“Rowardennan Bonsai” – Rowardennan, Loch Lomond, Scotland – Karl Williams – Featured Photographer
Whoa! An image from Scotland featured two days in a row? When you have two amazing photos, why not? The famous tree looks like it was painted in oil while the reflection is a perfect water color rendition. When Mother Nature and Karl team up, beautiful things happen. Don’t believe me? Then slide on over to Karl’s website below after reading about how he shot this image and you will want to book your next flight to the British Isles.
This tree, known widely as the Rowardennan Bonsai for obvious reasons, is a Scots Pine growing in a soil-filled pocket of rock at Rowardennan on the Eastern shore of Loch Lomond, the largest inland body of open water in Scotland (and, in fact, mainland Great Britain). The tree is a magnet for photographers but has two notable problems shot-wise, the first of which is that the precise location and the water level in the Loch often combine to make it extremely difficult to get a good set-up point to isolate the tree from a potentially distracting background. The second, and greater, problem is that the area is also a magnet for campers – many of whom appear to have a perverse desire to pitch their (seemingly always bright red) tents in the most inconvenient and unavoidable (from a photography standpoint) position possible, and many of whom can’t resist the opportunity (a) to get involved in the photographic process by “posing” in the field of view or, worse still, (b) to give advice.

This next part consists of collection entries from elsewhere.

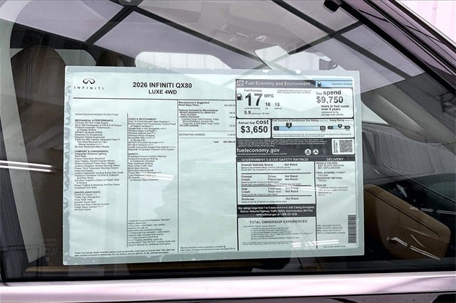 Black Obsidian 2026 INFINITI QX80 LUXE 4WD 9-Speed Automatic 3.5L V6 DOHC 24V
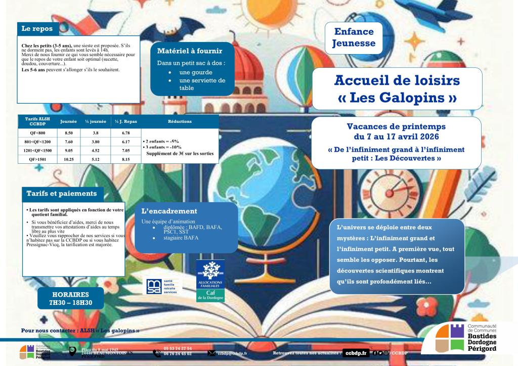 Programme du centre de loisirs Les Galopins pour les vacances de printemps :
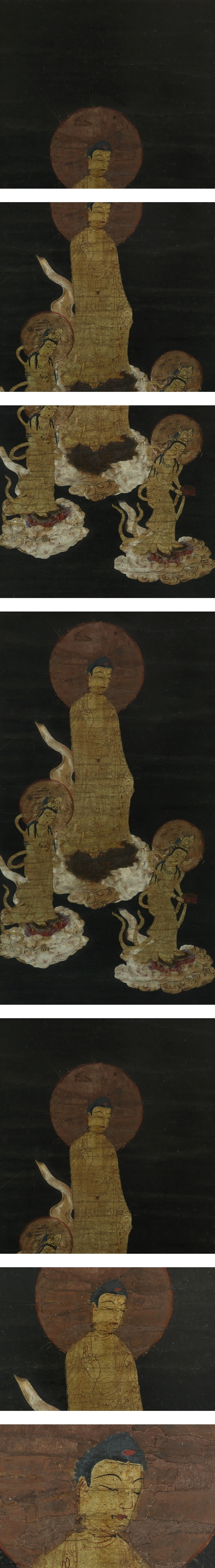 №2007170【肉筆】古仏画【三尊仏】◆紙本◆合箱◆改装済掛軸 | |
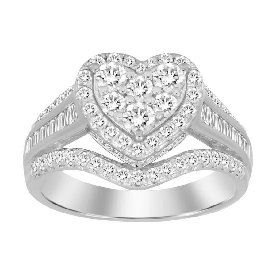 LADIES RING 1.00CT ROUND/BAGUETTE DIAMOND 10K WHITE GOLD

On this particular day, I was lucky – the breeze wasn’t strong enough to give rise to “ghosting” of tree branches with a multiple-shot HDR set of images, the water level was low enough to get a suitable set-up point in the dry, and there were no “happy campers” to contend with. The long exposure was an attempt to bring some “regularity” to the water surface and thereby enhance the reflection of the tree for compositional purposes. One minor problem arose, though: an unwanted duck swam through one of the shots but the long exposure (and a little bit of cloning at the processing stage) got rid of any “nasties” from him. (Q: Do I ever shoot wildlife? A: No, but I’ve been sorely tempted on occasions!).
One final point – in answer to those who might be curious as to the thought-processes and emotions which drove me to take this shot: the only thought that ran through my head prior to taking this shot is that which goes through my head with ALL shots – “Hmm, I think that’ll go!”. Sorry to disappoint, but it really is that simple!